Later, for no particular reason I make a directory inside: project_folder

In this folder I put several files that are of a different nature. I build my code, everything is going great.

Then I realize that I would like to git manage the project in project_folder separately, perhaps even put it in github.

But this folder is being managed already for the repo in base_folder.

How do I git manage my repo in project_folder?

What I tried

I put a .gitignore folder inside project_folder but is being completely ignored by git. Why is that and how git ignore in subdrectories work?

KansaiRobot
  • 7,564
  • 11
  • 71
  • 150

1 Answers1

0

You need to un-do some pictures you have in your head. They're leading you in the wrong direction.

Git doesn't manage folders or files. Git manages (and stores, and uses, and transfers, etc) commits. Git is thus all about commits.

Each commit does have files, but Git doesn't really treat them as "folders": files just have names, which may well contain embedded (forward) slashes. This is the case even on Windows, where the OS uses backslashes. That is, "foo/bar" is not a file named "bar" in a folder named "foo", in Git; it's just a file named "foo/bar".

Your OS, of course, requires that these committed files be extracted to a folder named "foo". Git will therefore first create foo if necessary, so as to create foo\bar or whatever your OS insists on calling this thing. But to Git, that's just a file named foo/bar. That is, the working tree files are organized into folders. But the stored-in-Git, compressed, de-duplicated, read-only, Git-ized files in the commits are—via Git's index / staging-area—just names with slashes in them.

What this means is that if you have commits that contain files named project_folder/file1, project_folder/file2, and so on, your Git will create project_folder and inside that, create file1 and file2 and so on. If you have commits that don't have any files whose name starts with project_folder/, Git won't create a folder of that name (but won't necessarily delete one, if you create one yourself).

When you check out some commit (with git checkout or the newfangled git switch), Git will remove all the working tree files it created earlier from the current commit (that you're switching away from), and extract all the files in the target commit (that you're switching to). Once done, the target commit is the current commit, so that these files will be removed and replaced with other files if you switch yet again.

What .gitignore is about has to do with creating new commits—but it's rather indirect. When Git creates a new commit, it packages up all the files that are in Git's index / staging area right at that time. These are the same files Git extracted, in the extraction step. Git extracts them to both Git's index and your working tree, so now those files exist in both places. There are, in effect, three copies of each file, at all times:

  • There's one in the HEAD (current) commit, that Git initially extracted.
  • There's one in Git's index right now. If you haven't changed this copy, it's the one Git extracted initially.
  • Last, there's one in your working tree. If you haven't changed this copy, it's also the one Git extracted—but it's not in Git's special, read-only, compressed and de-duplicated form.

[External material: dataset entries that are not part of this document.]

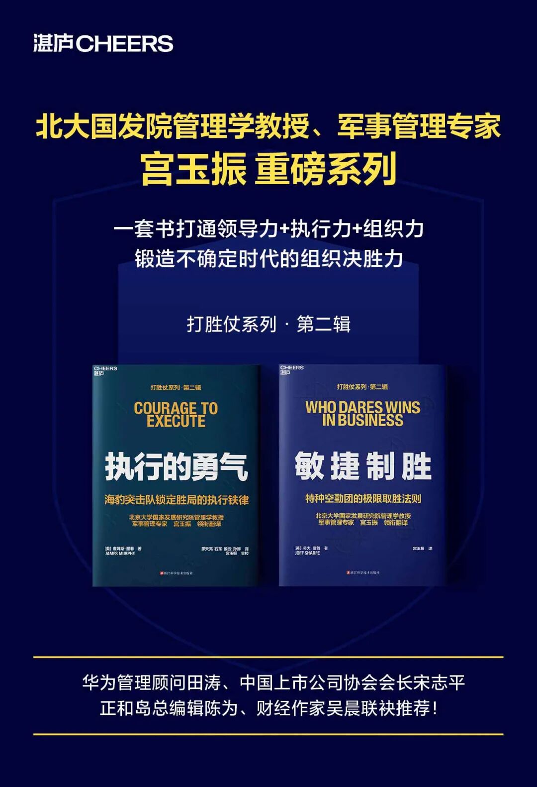 正是基于这样的常识与共识,6年后的今天,湛庐文化推出了“打胜仗系列·第二辑”,由宫玉振教授领衔翻译,汇集了《执行的勇气》与《敏捷制胜》——两本从特种部队实战经验中淬炼而成的管理力作。
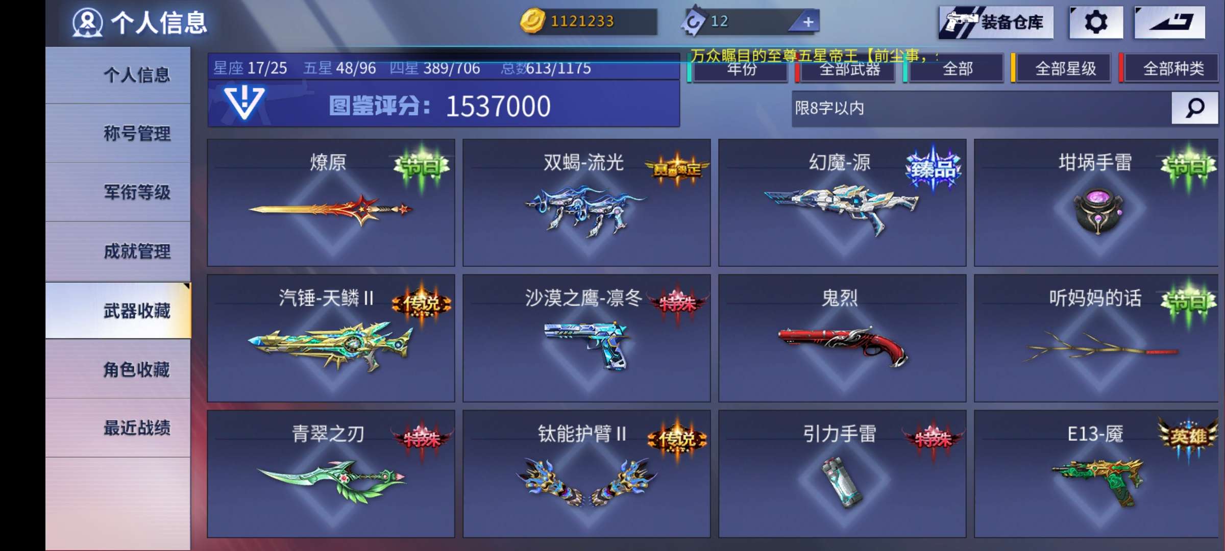 性价比账号8传说鹰王满配爆破的王卡牌镰刀护臂三件套应有尽有可小砍
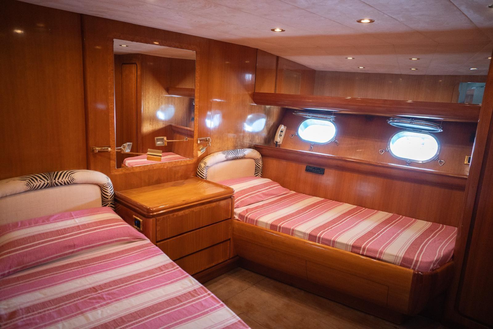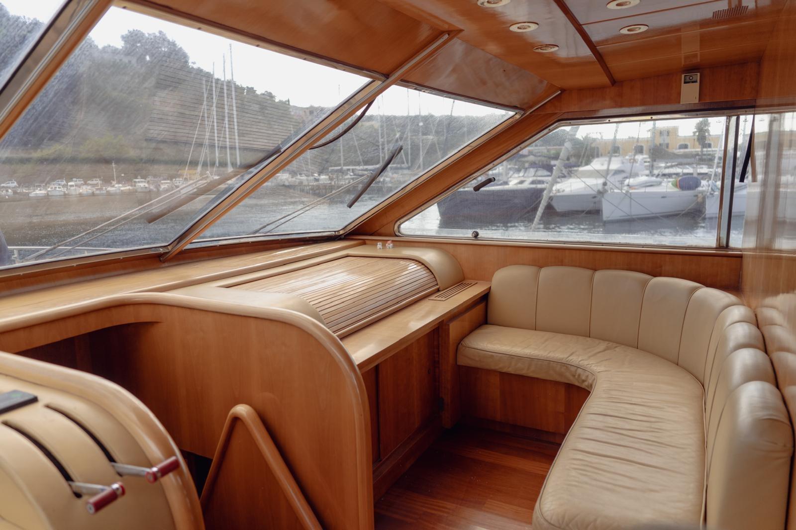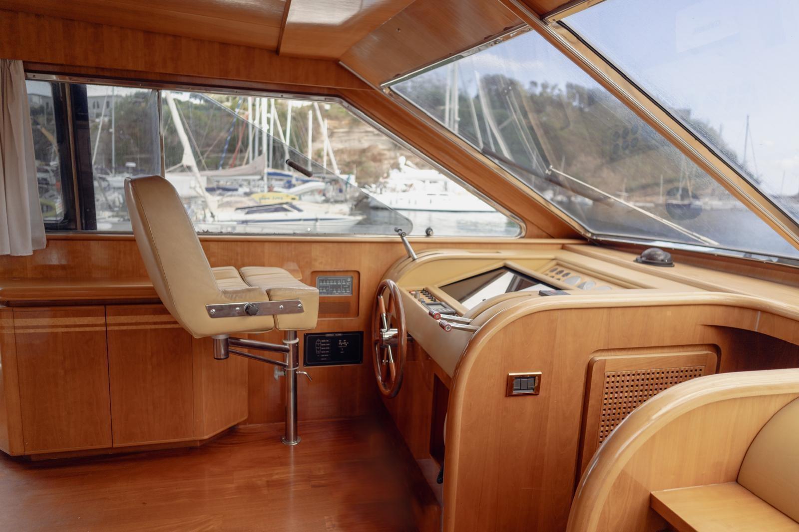 Antenna satelittare, Aria condizionata, Asciugatrice, Autoclave, Autopilota, Barometro, Batterie, Binocolo, Boiler, Bussola, Cuscineria completa, Dissalatore, Doccia esterna, Ecoscandaglio, Frigo e piastra elettrica su fly, GPS, Igrometro, Impianto antincendio fisso in vano motori, Indicatore angolo barra, Tv, Lavastoviglie, Lavatrice, Lettore dvd, Log, Pompe sentina (2 elettriche, 1 manuale), Passerella, Radar, Radio VHF, Salpancora, Stereo, Tavolo con sedute in pozzetto, Tendalino, Tender, Winch tonneggio di poppa
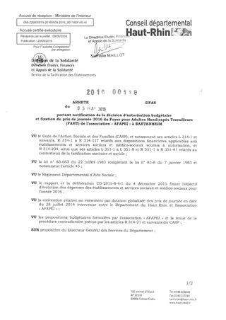 portant notification de la décision d'autorisation budgétaire et fixation du prix de journée 2016 du foyer pour adultes handicapés travailleurs (FAHT) de l'association "AFAPEI" à BARTENHEIM Resumé Pièces jointes ARRETE Assemblée : Non défini Date : 03/05/2016 Rapporteur : Non défini Collectivité : Conseil départemental du Haut-Rhin Direction : Non défini Service : Direction de la Solidarité Domaine : Prix de Journée Commission :
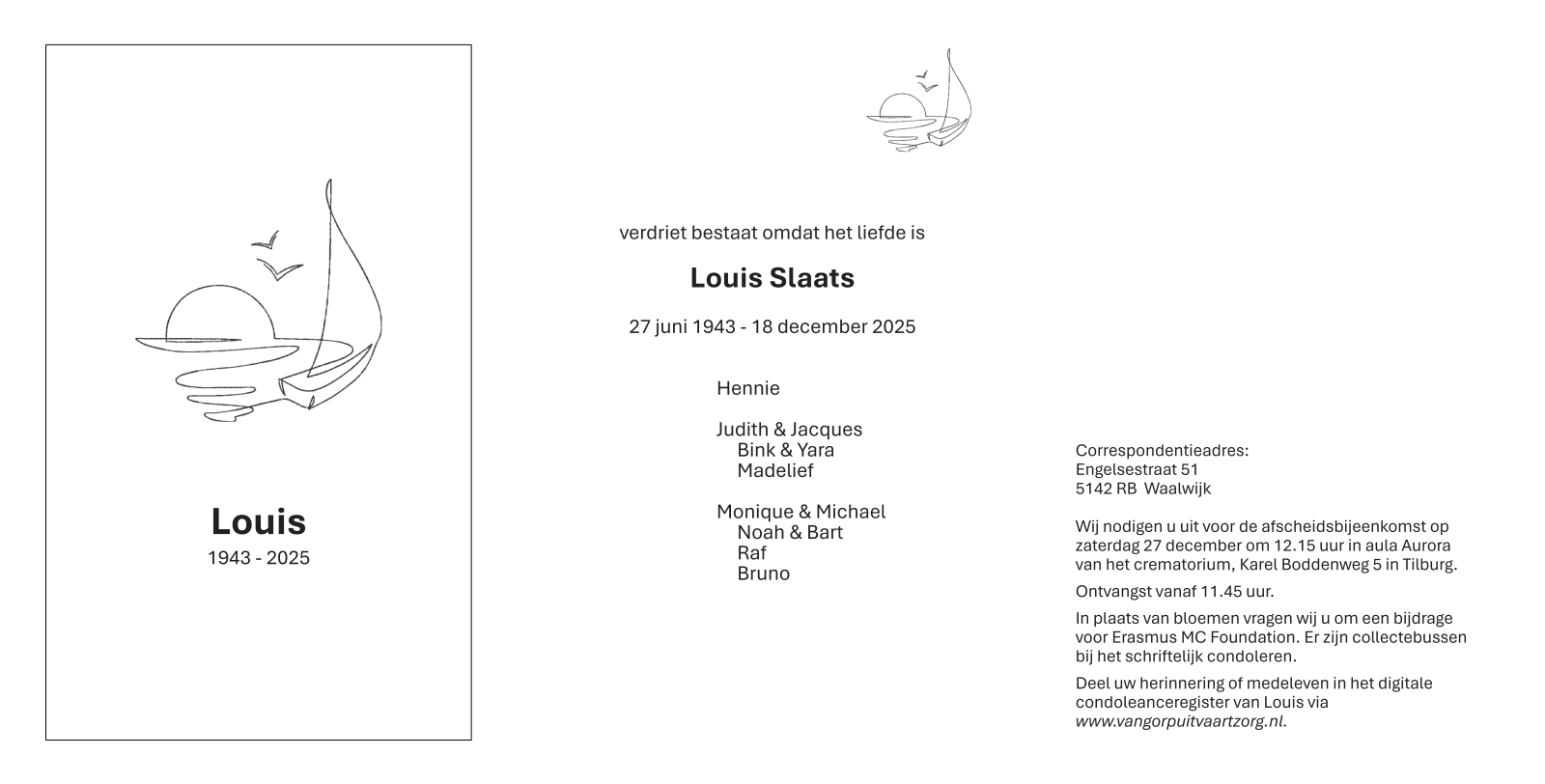 De rouwkaart en het In Memoriam door Fred Huijsmans treft u hieronder aan.

When you modify some working tree files, you presumably would like the updated copies to go into your next commit. So you run:

git add file1 file3

for instance. This tells Git: make the index copy match the working-tree copy. You changed the working tree copy of file1, so Git compresses, Git-ifies, and de-duplicates the new file1 contents. If they're a duplicate, Git finds what they're a duplicate of (in any earlier commit, anywhere) and they're now de-duplicated and ready to go. If they're all-new contents, Git prepares the all-new, compressed, ready-to-go contents.

Git now repeats this for file3, since your git add listed both files. If there's no index copy of file3 yet, because it's all-new, Git compresses the contents, checks to see if this duplicates any previous file ever committed, and prepares the index copy either way, just as it did for file1. Now there's an index copy of file3, ready to go in the new commit.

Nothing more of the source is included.